Since SATB2 mRNA was differentially expressed, we next measured the expression of SATB2 protein by the Western blot analysis. As shown in Figure 1B, SATB2 is not expressed in human normal primary hepatocytes, whereas the significant expression of SATB2 protein was noticed in Hep3b, HepG2 and liver CSCs. Liver CSCs expressed the highest level of SATB2 protein. Interestingly, Hep3B cells derived from AA expressed higher levels of SATB2 protein than HepG2 cells derived from CA. These data suggest that the expression of SATB2 is tightly regulated, and it is highly expressed in AA compared with CA.
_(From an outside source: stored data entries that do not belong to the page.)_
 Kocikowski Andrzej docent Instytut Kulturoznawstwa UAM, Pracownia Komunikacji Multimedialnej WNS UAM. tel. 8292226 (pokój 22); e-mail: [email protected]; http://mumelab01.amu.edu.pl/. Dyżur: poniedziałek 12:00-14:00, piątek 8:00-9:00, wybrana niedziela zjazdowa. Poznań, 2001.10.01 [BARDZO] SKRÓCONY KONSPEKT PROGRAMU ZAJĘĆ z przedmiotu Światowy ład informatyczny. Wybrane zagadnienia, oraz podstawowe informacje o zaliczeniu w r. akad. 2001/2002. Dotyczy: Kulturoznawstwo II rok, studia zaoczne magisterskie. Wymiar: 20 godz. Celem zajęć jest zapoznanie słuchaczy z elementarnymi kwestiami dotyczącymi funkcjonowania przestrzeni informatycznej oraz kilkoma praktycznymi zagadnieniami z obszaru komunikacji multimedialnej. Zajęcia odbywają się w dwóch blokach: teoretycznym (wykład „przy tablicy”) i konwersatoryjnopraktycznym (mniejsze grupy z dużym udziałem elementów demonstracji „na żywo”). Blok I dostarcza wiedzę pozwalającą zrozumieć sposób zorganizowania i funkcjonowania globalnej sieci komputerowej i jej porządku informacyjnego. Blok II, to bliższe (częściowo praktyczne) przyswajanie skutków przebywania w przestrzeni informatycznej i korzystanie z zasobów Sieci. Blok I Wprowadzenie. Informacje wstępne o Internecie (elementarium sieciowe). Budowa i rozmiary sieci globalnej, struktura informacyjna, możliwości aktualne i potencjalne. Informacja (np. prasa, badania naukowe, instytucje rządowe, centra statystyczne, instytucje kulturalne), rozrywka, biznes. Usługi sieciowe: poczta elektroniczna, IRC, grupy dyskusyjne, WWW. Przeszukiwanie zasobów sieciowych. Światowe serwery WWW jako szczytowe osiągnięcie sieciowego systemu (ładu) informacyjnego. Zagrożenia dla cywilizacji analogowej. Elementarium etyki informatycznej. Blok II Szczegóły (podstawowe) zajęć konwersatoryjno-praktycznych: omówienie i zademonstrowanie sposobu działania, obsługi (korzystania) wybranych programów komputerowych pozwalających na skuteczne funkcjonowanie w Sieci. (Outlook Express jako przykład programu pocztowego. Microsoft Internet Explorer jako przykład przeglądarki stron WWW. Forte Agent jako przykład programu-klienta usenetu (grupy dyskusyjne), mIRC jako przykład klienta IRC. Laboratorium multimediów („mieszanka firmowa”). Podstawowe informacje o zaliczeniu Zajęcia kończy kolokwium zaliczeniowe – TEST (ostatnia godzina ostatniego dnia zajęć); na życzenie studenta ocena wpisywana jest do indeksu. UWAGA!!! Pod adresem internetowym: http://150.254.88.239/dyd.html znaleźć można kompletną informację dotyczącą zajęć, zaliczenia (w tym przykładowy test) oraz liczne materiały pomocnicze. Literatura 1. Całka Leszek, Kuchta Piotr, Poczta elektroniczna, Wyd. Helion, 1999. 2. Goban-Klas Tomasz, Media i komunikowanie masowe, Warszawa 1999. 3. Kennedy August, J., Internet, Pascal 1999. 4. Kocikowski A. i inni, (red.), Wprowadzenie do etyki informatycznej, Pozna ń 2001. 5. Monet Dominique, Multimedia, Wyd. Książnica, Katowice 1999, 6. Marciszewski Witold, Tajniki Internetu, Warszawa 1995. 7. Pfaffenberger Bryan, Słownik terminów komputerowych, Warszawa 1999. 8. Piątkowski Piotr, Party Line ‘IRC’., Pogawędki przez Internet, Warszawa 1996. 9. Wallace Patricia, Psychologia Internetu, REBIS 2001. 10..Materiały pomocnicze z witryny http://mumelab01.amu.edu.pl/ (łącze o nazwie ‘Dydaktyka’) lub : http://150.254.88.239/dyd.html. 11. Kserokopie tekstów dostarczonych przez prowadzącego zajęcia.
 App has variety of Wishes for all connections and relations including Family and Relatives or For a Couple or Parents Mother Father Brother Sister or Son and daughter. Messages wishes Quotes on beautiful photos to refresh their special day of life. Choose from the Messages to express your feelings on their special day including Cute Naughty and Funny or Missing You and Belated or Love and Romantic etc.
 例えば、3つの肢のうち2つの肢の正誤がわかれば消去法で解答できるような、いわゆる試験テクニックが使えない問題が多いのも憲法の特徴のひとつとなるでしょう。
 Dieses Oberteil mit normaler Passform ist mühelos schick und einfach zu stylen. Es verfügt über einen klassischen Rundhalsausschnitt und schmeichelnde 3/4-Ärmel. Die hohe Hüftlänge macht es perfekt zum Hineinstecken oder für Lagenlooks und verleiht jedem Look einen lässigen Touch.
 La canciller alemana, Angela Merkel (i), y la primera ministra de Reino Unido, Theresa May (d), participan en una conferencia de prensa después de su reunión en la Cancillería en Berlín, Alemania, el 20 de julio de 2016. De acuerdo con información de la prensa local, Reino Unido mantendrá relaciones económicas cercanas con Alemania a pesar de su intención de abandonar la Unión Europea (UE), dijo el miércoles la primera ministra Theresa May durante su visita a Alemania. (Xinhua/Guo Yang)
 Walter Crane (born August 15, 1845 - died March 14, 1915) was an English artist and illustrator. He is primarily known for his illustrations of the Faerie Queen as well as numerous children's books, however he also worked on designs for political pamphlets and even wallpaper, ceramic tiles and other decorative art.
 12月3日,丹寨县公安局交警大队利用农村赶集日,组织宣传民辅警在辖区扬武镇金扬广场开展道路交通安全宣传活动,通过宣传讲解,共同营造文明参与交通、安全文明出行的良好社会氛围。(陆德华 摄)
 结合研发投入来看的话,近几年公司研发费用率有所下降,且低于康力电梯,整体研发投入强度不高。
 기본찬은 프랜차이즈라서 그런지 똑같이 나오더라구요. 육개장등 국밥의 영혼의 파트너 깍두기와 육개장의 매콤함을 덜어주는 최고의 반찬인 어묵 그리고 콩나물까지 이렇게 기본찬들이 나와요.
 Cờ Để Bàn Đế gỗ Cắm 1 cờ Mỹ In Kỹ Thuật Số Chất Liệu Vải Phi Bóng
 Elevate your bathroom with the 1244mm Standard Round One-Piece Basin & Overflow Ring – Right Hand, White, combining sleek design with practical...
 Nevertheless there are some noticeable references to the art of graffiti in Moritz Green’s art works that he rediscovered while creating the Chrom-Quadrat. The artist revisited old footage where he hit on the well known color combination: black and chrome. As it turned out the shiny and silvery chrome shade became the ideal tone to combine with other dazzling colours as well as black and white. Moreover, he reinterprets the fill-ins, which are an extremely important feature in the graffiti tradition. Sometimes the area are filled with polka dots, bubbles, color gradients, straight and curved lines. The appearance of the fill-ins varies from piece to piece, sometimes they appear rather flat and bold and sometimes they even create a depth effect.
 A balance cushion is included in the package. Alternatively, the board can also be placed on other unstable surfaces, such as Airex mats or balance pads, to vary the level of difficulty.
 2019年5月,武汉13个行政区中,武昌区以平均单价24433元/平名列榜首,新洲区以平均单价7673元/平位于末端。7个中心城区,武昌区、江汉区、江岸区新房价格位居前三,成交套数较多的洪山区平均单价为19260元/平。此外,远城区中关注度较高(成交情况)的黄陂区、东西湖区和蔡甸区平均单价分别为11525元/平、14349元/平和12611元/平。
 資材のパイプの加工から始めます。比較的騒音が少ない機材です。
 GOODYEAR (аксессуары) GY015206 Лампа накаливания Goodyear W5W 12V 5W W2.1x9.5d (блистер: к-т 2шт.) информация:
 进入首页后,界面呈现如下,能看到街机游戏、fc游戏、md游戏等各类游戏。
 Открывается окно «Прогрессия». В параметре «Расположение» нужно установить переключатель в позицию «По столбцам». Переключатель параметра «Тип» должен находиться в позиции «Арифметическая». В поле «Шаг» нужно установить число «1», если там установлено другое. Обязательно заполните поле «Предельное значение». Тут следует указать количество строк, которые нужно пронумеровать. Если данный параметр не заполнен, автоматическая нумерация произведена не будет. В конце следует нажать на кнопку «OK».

Since spheroid formation is suspension is one of the characteristics of CSCs, we next compared the percentage of viable cells in spheroids formed by growing HpeG2 and Gep3B cells (Figure 1C). Cell viabilities in primary, secondary and tertiary spheroids formed by Hep3B cells were significantly higher than those in HepG2 spheroids. These data suggest that HCC cells isolated from AA tumours may possess an aggressive stem cell characteristic than those from CA.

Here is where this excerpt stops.